# Dataset Setup Instructions

## Bongard-HOI Dataset
1. First, follow the official instructions to download the Bongard-HOI dataset to any location of your choice: https://github.com/NVlabs/Bongard-HOI. If downloading the images from Zenodo is too slow, try downloading the HAKE images directly.
2. Ensure that you have the following directory structure (you will need to add the `cache/` subdirectory). This directory tree was adapted from the HAKE download instructions.
   ```
   /path/to/hoi/dataset/
    ├── cache
    ├── hake_images_20190730
    │   └── xxx.jpg
    ├── hake_images_20200614
    │   └── xxx.jpg
    ├── hcvrd
    │   └── xxx.jpg
    ├── hico_20160224_det
    │   └── images
    │       ├── test2015
    │       │   └── xxx.jpg
    │       └── train2015
    │           └── xxx.jpg
    ├── openimages
    │   └── xxx.jpg
    ├── pic
    │   └── xxx.jpg
    └── vcoco
        ├── train2014
        |    └── xxx.jpg
        └── val2014
            └── xxx.jpg
   ```
3. As explained in the Bongard-HOI download instructions, download the official Bongard-HOI annotations and extract them into `cache/`.
4. To use our cleaned/balanced Bongard-HOI annotations (see paper for details), copy the `bongard_hoi_clean/` directory to `cache/`. In the code, you can enable use of these cleaned annotations by setting the `--balance_dataset` flag.

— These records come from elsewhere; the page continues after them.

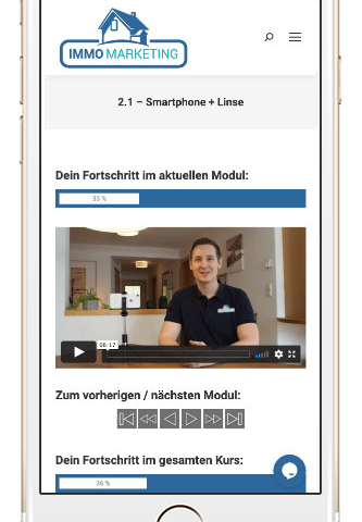 Du lernst im Kurs wie du mit deinem Smartphone (egal ob Android oder iPhone) deine Immobilie selbst filmen, und den Film professionell schneiden und bearbeiten kannst.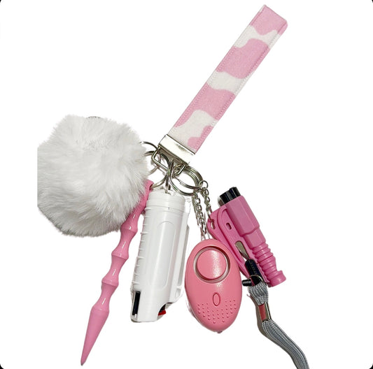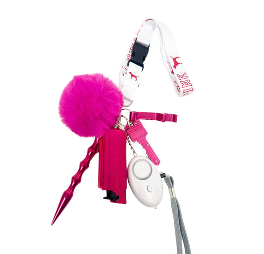 This Safety Keychain Comes With: (1)Wristlet (1) Hand Sanitizer & Lip Gloss Holder (1) Fur...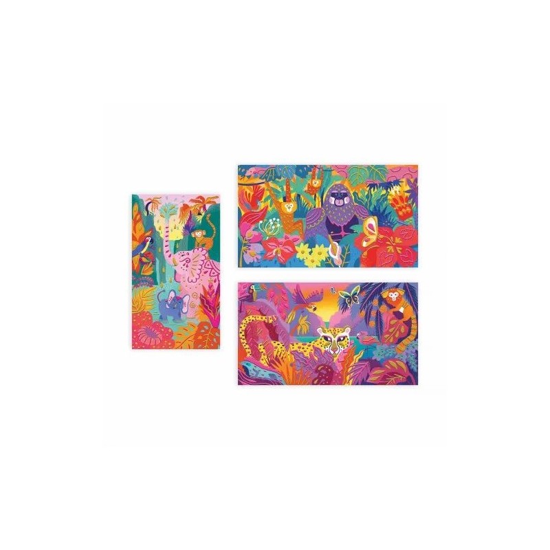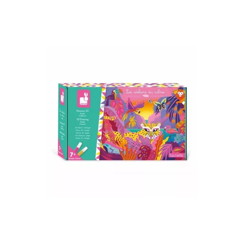 Magnifiques ambiances colorées pour les 3 tableaux de ce kit créatif pour les enfants à partir de 7 ans ! C'est parti pour l'exploration en pleine jungle à l'aide de cette activité de peinture 3D. À l'aide du livret pas à pas, les petits artistes devront compléter les 3 tableaux en utilisant les tubes de peinture spéciale dorée et rose fluo qui feront des scènes en relief. Il faut environ 2h pour réaliser les 3 tableaux. Cette activité permet de développer la précision et la motricité fine.

Note that we only have cleaned annotations for the train and validation sets, not the test set.
5. Verify that your `cache/` directory has the following structure:
   ```
   cache/
   ├── bongard_hoi_clean
   |   └── bongard_hoi_train.json
   |   └── ...
   ├── bongard_hoi_release
   |   └── bongard_hoi_train.json
   |   └── ...
   ```

## Bongard-LOGO Dataset
Follow the official instructions to download Bongard-LOGO to any location of your choosing: https://github.com/NVlabs/Bongard-LOGO

## Bongard-Classic Dataset
Clone this repository to any location of your choosing to download Bongard-Classic: https://github.com/XinyuYun/bongard-problems

## Adding Your Own Datasets
The main entry point to the datasets in the code is the `get_loaders()` function in `__init__.py`. You can add a custom dataset by creating a new `torch.util.data.Dataset` in this directory and adding logic for the loader in `get_loaders()`. Then, this new dataset can be easily specified on the command line with `--dataset NAME_OF_DATASET`.